Tag Archives: Feb 26th

Birmingham Against the Cuts Council Cuts Demonstration

The anti-cuts struggle in Birmingham moved up another notch on Saturday with a very successful city centre demonstration. It was organised by Birmingham against the Cuts; a collective of Trades Unions, Political organisations, Campaign and Community groups, initiated by Birmingham Trades Union Council.

Over a 1000 demonstrators representing a variety of organisations, anti-cuts groups and trades unions gathered in the grounds of Saint Phillips Cathedral, with more joining as the march gathered pace. Despite earlier wet weather, this turn out was extremely good.
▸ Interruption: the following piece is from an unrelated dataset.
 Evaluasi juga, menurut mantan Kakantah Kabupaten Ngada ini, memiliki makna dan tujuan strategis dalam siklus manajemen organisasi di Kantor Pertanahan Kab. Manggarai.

Many were taking part in their first ever demonstration and this gave a very refreshing atmosphere with a lively and noisy procession through the streets.
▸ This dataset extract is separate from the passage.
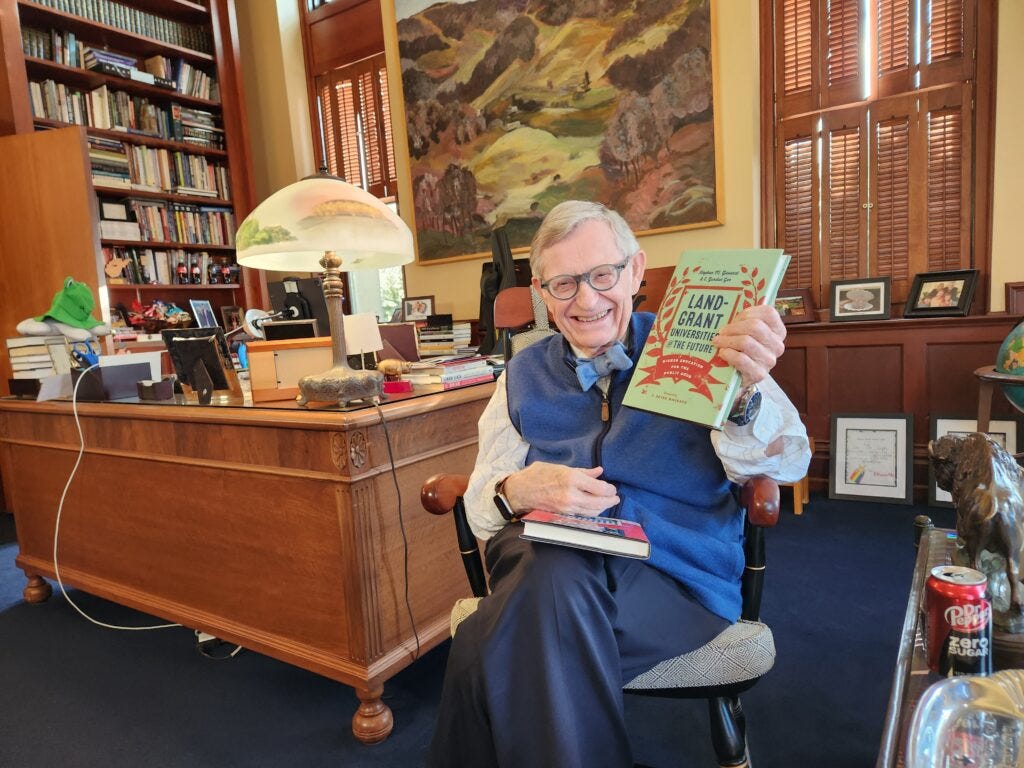 [Photo: West Virginia University President Gordon Gee shows off the book he co-authored, “Land-Grant Universities for the Future: Higher Education for the Public Good.” Gee argues that public universities have an obligation to train students for good careers and cannot offer instruction in every discipline (Elaine S. Povich/Stateline). ]

© Geoff Dexter Sherborne Publications

We are grateful to the Bishop for allowing us to use the Cathedral Square to gather, but less than grateful to the Council who wanted to restrict our march to a few back streets; platitudes in favour of democracy in the Middle East from Cameron were not matched by Tory practice in Birmingham! This was more restrictive than the police view.

However, the march set off in high spirits along a short route, but one which did go through the city centre shopping area. The reception from shoppers in High Street and New Street was enthusiastic. As the march went along New Street, activists from     UK Uncut staged an impromptu blockade of tax-dodgers Barclays Bank on the High Street and Burtons (another of Phillip Green’s enterprises) & Vodafone on New Street . This kind of street theatre played an important role in getting the message across that there is an alternative to the cuts, and it lies with making the fat-cat corporations and the banks pay. It also generated considerable public sympathy.
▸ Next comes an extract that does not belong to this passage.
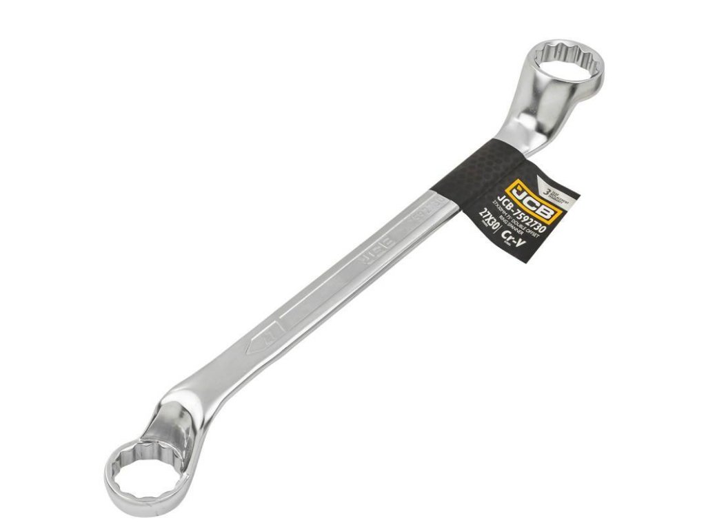 JCB OBOJSTRANNÝ OČKOVÝ KĽÚČ OHNUTÝ O 75 STUPŇOV 27x30 mm Cr-V 12-hranný

On the march there were contingents and banners from Save Birmingham Youth Service (CYWU-UNITE), Social Work Action Group, Women2gether, Friends of Moseley Baths, Campaign to Retain our School Service (CROSS), Connexions, the Green Party, the Labour Party, the Right to Work Campaign, the People’s Charter, the Clarion Singers (who wrote a song especially for the occasion), the Alliance against Birmingham Academies,, GMB, UNISON, CPS, UNITE, CWU, UCU, and the NUT. The march was led by contingents from Birmingham against the Cuts and Birmingham Trades Union Council.

There were speakers at the start and end of the march; Lee Barron (the regional secretary of the CWU and the new chair of West Midlands TUC, Trudy Allen (PCS), Roger Jenkins (GMB), Grahame Horn (Birmingham UNISON), James Smith (UCU), Roger Mackenzie (West Midlands UNISON), Bob Williams-Findlay from Disabled People against Cuts, Stuart Richardson (Birmingham TUC), Doug Morgan (Birmingham NUT), Caroline Johnson (Birmingham Against the Cuts), Albert Bore – the Council Labour Leader, Andy Chaffer (People’s Charter), Maxie Hayle – Black People Rising Against the Cuts, Matt Raine from the Right to Work Campaign, Doug Morgan (NUT), FE student activist Tom Maguire-Wright and Joyce Canaan – UCU and BCU Against Cuts and Fees.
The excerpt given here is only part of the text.